• THE PROBLEM: Beginning with the line containing "A l’extérieur de" and ending with the line containing "Moreover, Vlad has", write out each line of the records below exactly; pictures and lines outside that range are left out.

• SUPPLIED MATERIAL:

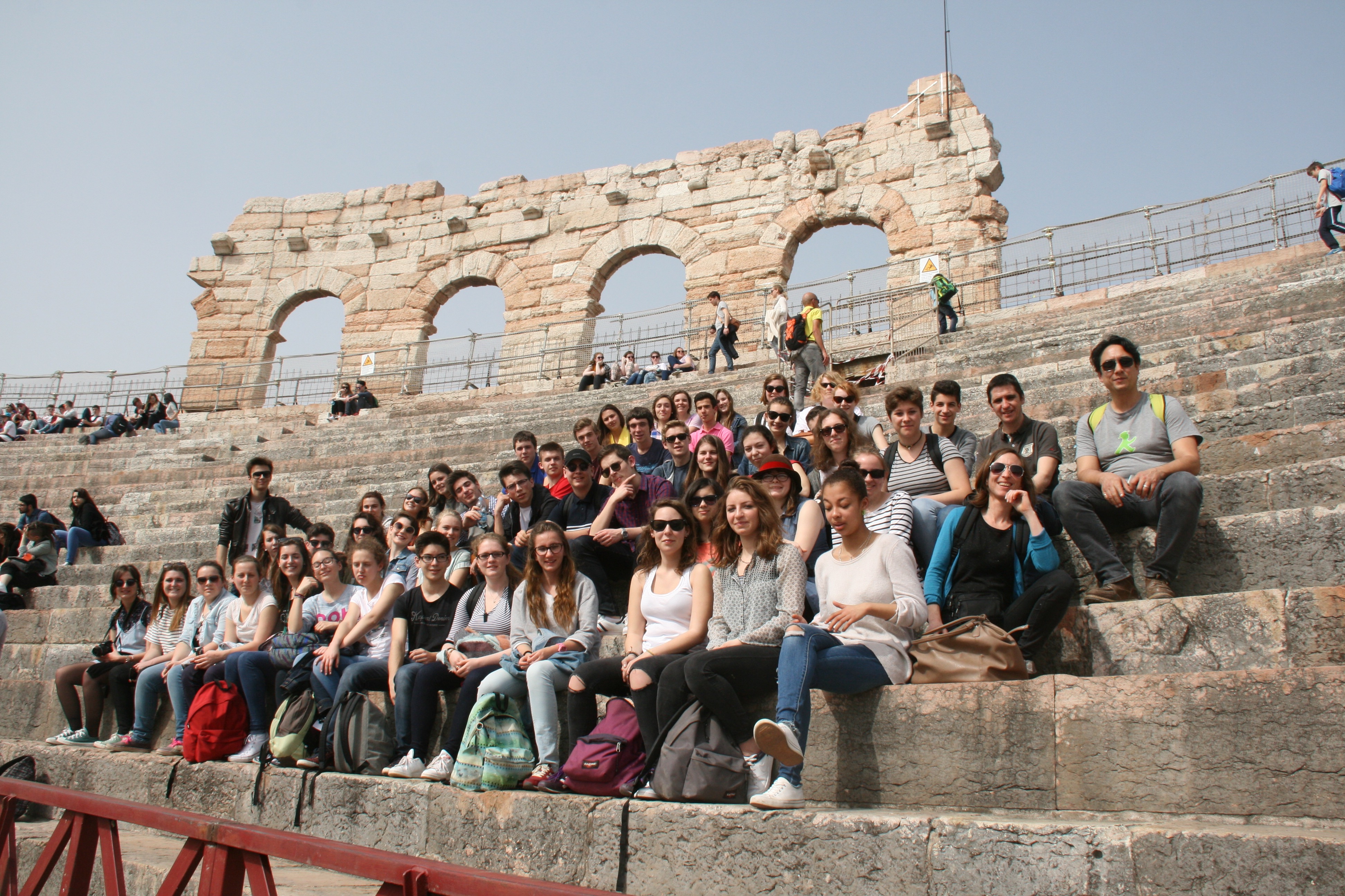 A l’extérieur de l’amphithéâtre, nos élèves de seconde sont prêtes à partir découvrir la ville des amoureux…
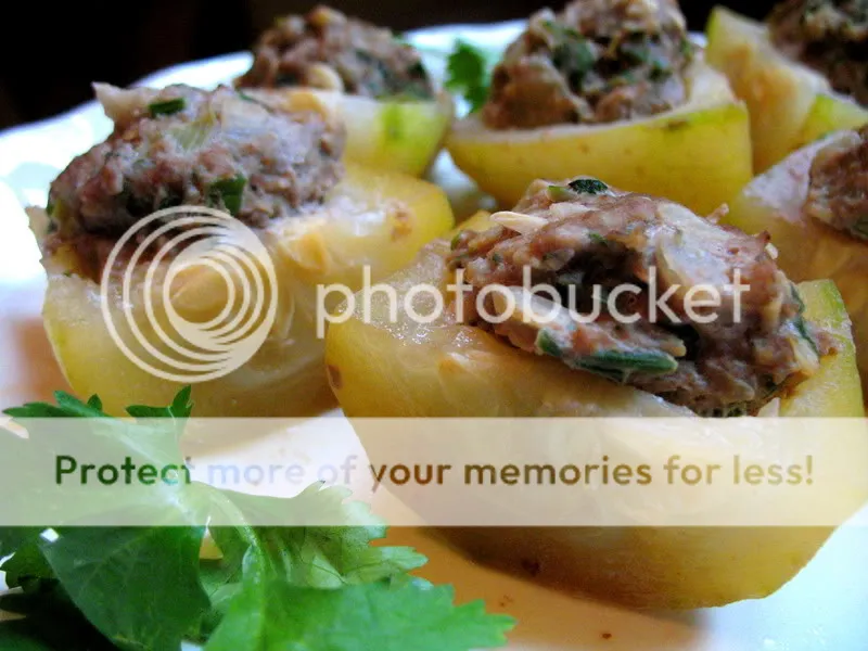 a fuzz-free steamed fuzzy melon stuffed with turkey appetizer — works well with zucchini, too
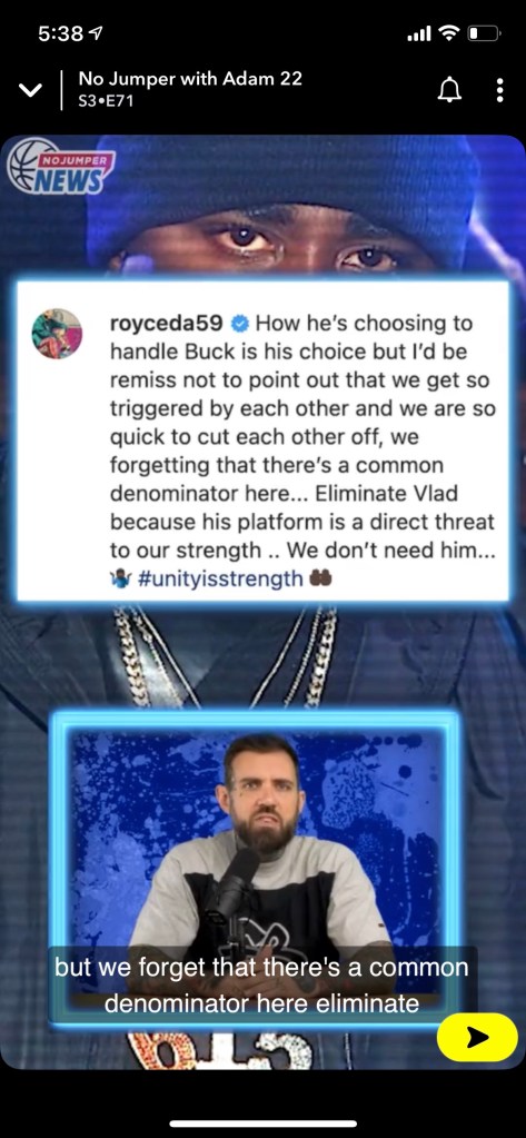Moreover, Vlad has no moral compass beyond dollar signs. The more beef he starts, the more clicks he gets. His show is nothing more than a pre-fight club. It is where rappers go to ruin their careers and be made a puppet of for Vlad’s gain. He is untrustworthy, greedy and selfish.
...
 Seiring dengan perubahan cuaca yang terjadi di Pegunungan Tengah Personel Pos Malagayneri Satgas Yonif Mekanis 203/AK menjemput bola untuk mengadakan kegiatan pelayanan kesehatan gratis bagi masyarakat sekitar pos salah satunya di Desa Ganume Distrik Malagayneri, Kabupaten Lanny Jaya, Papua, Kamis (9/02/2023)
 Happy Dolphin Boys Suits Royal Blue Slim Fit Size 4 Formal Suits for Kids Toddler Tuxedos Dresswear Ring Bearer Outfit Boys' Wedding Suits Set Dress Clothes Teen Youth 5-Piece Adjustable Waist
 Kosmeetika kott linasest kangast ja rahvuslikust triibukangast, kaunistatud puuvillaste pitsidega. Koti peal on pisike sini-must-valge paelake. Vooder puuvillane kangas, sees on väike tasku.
* * *
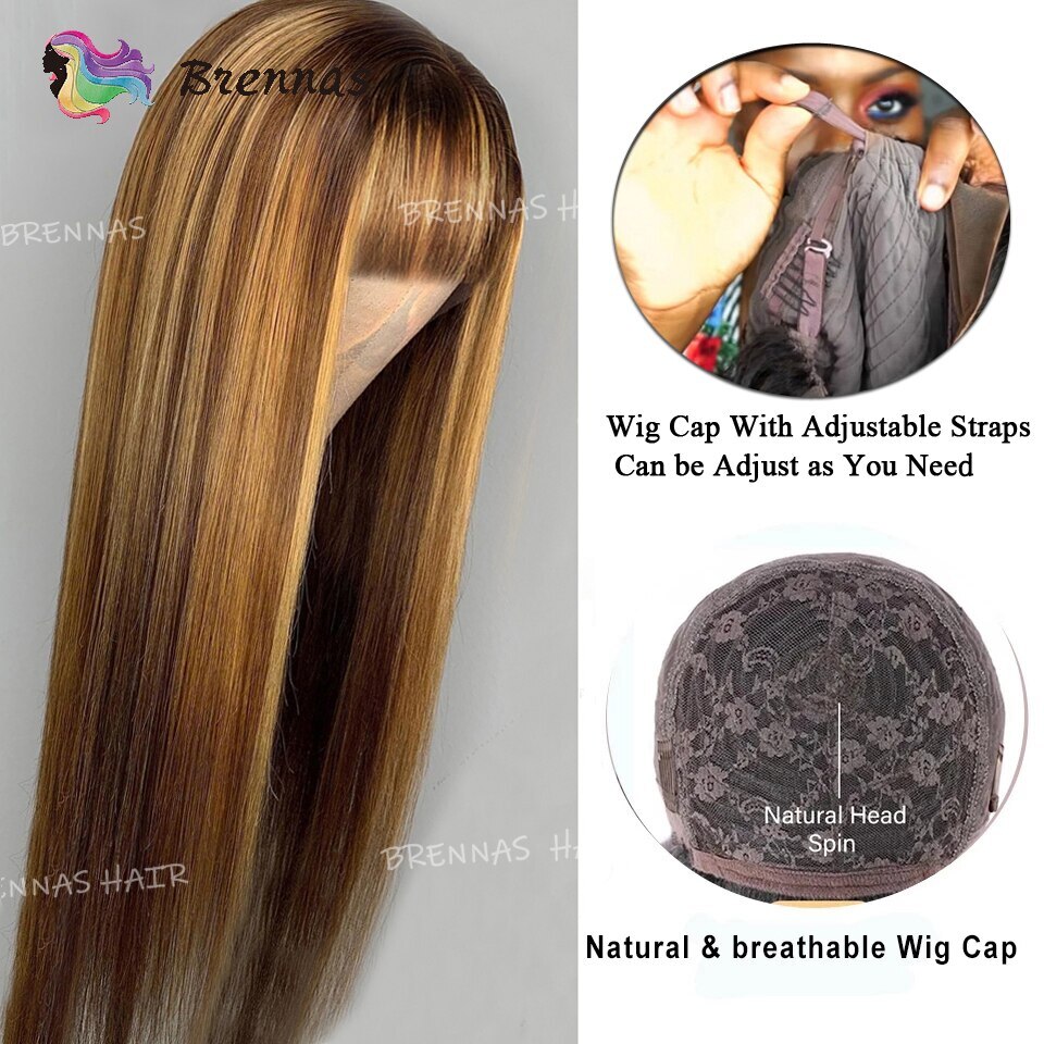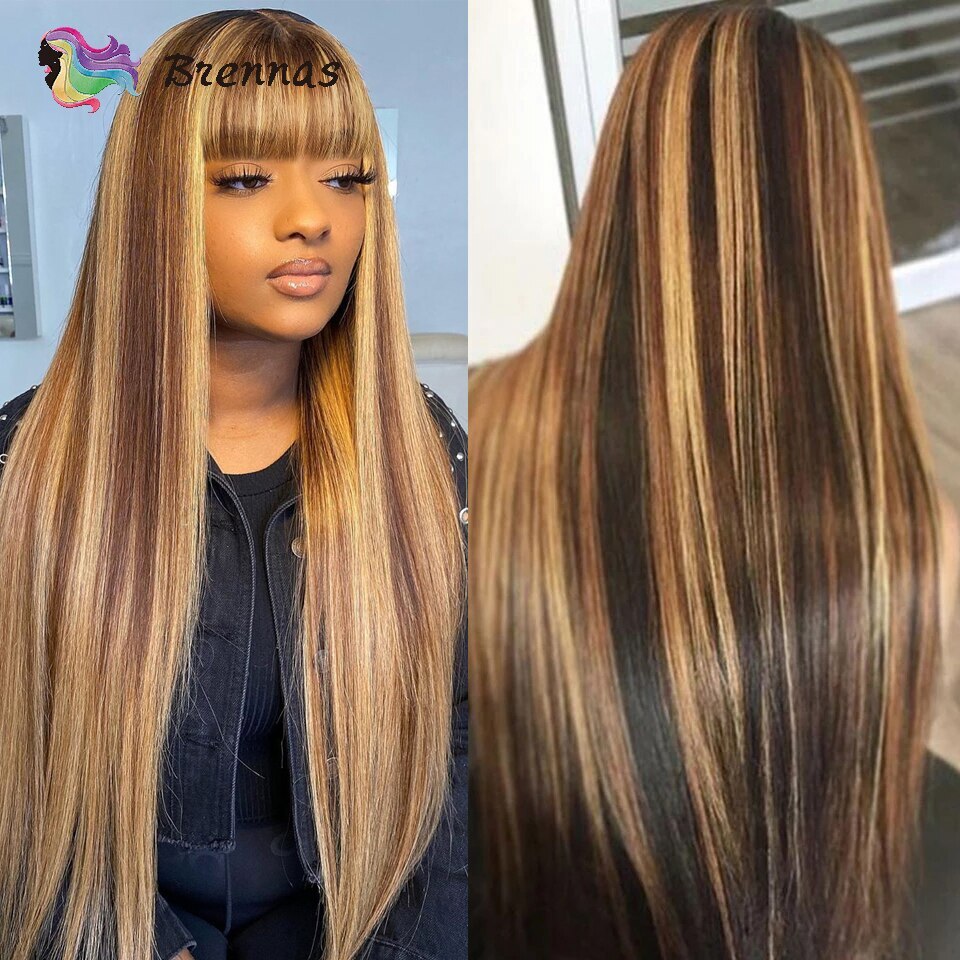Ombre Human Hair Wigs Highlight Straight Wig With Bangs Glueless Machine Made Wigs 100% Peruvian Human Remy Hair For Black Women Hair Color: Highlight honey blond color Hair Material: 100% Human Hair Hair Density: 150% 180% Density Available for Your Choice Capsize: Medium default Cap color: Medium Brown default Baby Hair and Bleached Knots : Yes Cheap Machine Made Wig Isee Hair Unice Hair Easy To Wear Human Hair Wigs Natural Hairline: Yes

• EXERCISE SOLUTION:
 A l’extérieur de l’amphithéâtre, nos élèves de seconde sont prêtes à partir découvrir la ville des amoureux…
 a fuzz-free steamed fuzzy melon stuffed with turkey appetizer — works well with zucchini, too
Moreover, Vlad has no moral compass beyond dollar signs. The more beef he starts, the more clicks he gets. His show is nothing more than a pre-fight club. It is where rappers go to ruin their careers and be made a puppet of for Vlad’s gain. He is untrustworthy, greedy and selfish.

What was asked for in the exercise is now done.